On October 4, Facebook and its associated social media platforms, WhatsApp and Instagram, suffered a global outage. It could have been avoided by using a decentralized architecture.

It was Monday evening when scores of people were not able to check updates on their Facebook, Instagram, and WhatsApp accounts. The global social media behemoth’s servers were down, causing inconvenience to its over 3 billion users.

Reason for the Outage

Cloudflare, a web infrastructure and website security company, in a blog post, revealed that its DNS names (for Facebook, Instagram and WhatsApp) “had stopped announcing the routes to their DNS prefixes,” which meant that the platforms “DNS servers were unavailable.”

“It was as if someone had ‘pulled the cables’ from their data centres all at once and disconnected them from the Internet,” the blog post said.

Cloudflare Blog

Some users even reported that the ‘facebook.com’ domain was up for sale.

In an official blog post, Facebook explained the cause of the outage.

“Our engineering teams have learned that configuration changes on the backbone routers that coordinate network traffic between our data centres caused issues that interrupted this communication.
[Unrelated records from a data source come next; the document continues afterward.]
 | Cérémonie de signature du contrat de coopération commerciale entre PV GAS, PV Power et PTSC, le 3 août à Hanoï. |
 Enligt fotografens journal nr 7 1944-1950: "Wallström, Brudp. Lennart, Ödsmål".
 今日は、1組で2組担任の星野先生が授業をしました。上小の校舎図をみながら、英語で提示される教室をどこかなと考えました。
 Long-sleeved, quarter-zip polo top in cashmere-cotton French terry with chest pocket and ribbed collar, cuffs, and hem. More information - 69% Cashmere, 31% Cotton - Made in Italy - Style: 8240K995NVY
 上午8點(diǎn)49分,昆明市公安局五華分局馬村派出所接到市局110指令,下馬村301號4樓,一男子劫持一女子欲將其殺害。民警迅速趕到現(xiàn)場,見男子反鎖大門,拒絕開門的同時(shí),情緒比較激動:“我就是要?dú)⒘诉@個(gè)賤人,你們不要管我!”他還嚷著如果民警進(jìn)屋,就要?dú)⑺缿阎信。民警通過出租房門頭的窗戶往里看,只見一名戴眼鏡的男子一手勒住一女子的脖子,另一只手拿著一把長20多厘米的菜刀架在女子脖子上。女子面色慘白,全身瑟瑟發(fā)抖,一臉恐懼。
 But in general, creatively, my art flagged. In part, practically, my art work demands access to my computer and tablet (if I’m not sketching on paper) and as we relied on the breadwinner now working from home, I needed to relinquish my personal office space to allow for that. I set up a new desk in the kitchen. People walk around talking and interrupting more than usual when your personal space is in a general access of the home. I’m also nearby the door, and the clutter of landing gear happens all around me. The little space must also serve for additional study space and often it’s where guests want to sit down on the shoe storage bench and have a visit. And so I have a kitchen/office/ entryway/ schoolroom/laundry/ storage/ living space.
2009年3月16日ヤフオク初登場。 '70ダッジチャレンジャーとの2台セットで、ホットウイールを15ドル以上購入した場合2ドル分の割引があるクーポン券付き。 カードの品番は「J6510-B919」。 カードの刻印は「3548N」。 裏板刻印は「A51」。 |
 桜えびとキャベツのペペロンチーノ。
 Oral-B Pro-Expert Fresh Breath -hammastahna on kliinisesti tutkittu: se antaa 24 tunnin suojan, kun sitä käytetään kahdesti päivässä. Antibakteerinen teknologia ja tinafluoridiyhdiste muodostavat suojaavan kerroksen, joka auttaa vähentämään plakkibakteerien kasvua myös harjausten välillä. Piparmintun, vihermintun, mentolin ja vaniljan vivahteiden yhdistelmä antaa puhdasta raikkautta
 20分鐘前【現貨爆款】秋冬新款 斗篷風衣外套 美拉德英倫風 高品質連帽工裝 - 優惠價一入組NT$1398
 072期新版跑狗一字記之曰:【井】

We want to make clear that there was no malicious activity behind this outage — its root cause was a faulty configuration change on our end. We also have no evidence that user data was compromised as a result of this downtime.”

Solution: Web3.0

Web3.0, also known as Semantic Web, has been touted as the solution to the flaws of Web2.0.
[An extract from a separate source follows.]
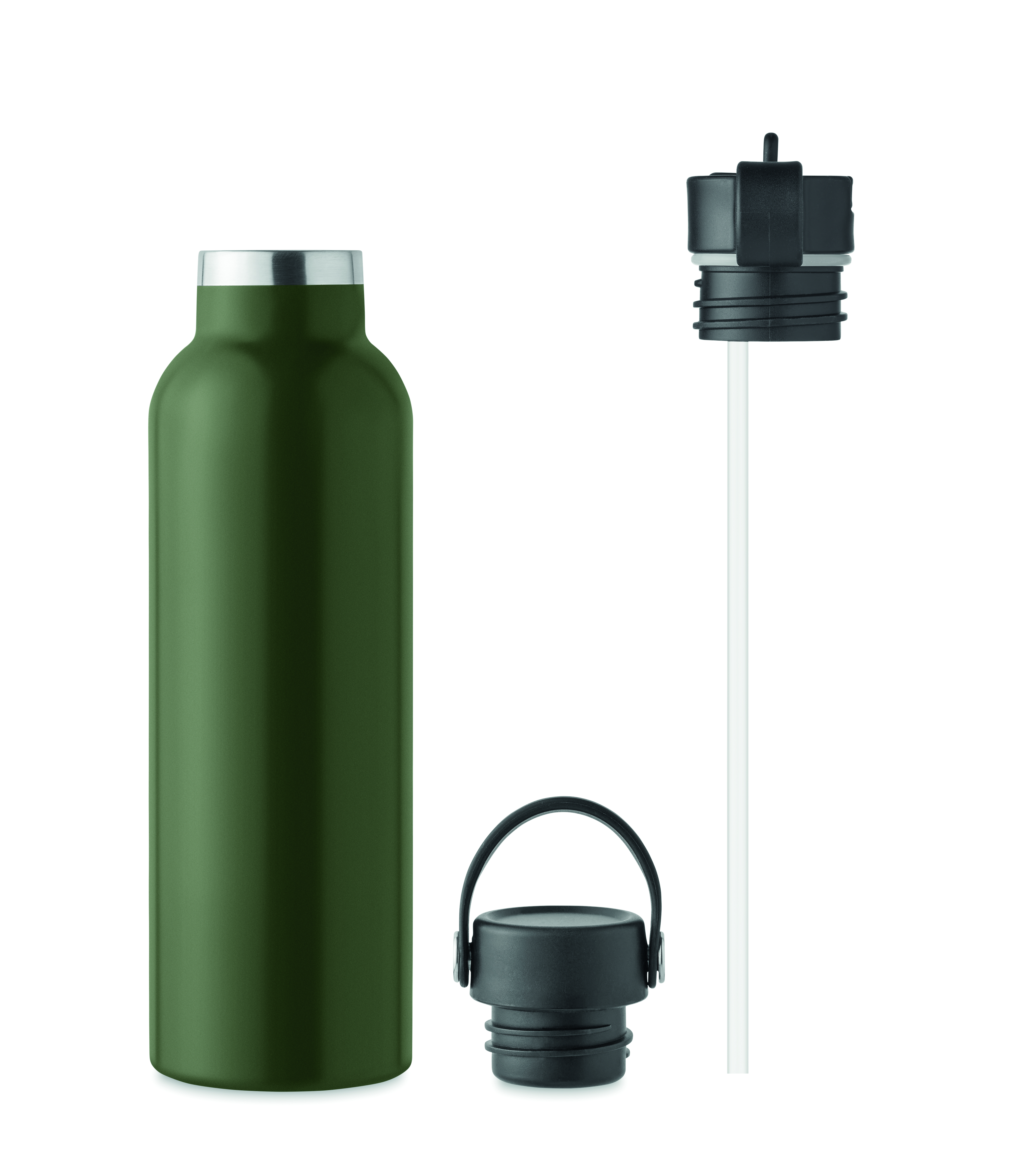 Izolowana próżniowo butelka o podwójnych ściankach ze stali nierdzewnej z recyklingu (90% stali nierdzewnej z recyklingu i 10% stali nierdzewnej) ze szczelną zakrętką i dodatkową wymienną wbudowaną słomką. Pojemność: 700 ml.

Polkadot founder Gavin Wood also echoes the same argument. He said, “Kudos to @facebook for giving us a very real demonstration of why the move to a decentralised Web 3 is necessary and, indeed, inevitable.”

Web2.0 is an architecture wherein a centralized node or server stores the data and controls its flow. If the central authority fails, the central node and its associated sub-nodes also fail, which is what happened on Monday.

Web3.0 provides a decentralized network with independent nodes without a central authority. Even if one node fails, the network does not go down. Other nodes keep it alive. 

On left is Centralized Architecture followed by Decentralized Architecture on the right.
Source: Softonic

It also keeps the network democratic, ensuring that no one can misuse the data except in some exceptional situations. The users get control over their data and its privacy under this system.

Under a centralized system, the central authority or node has near-absolute control over user data. It can monetize the data or arbitrarily use it. Also, once data is lost in this system, it cannot be recovered.

On the other hand, in a decentralized system, if one node loses data, it does not mean others will also.

Web3.0 will usher in a revolution not just for network architecture, but also for business entities. Today, many business entities engaged in Decentralized Finance (DeFi) industry are governing themselves as Decentralized Autonomous Organizations, wherein the users also take part in governance proceedings.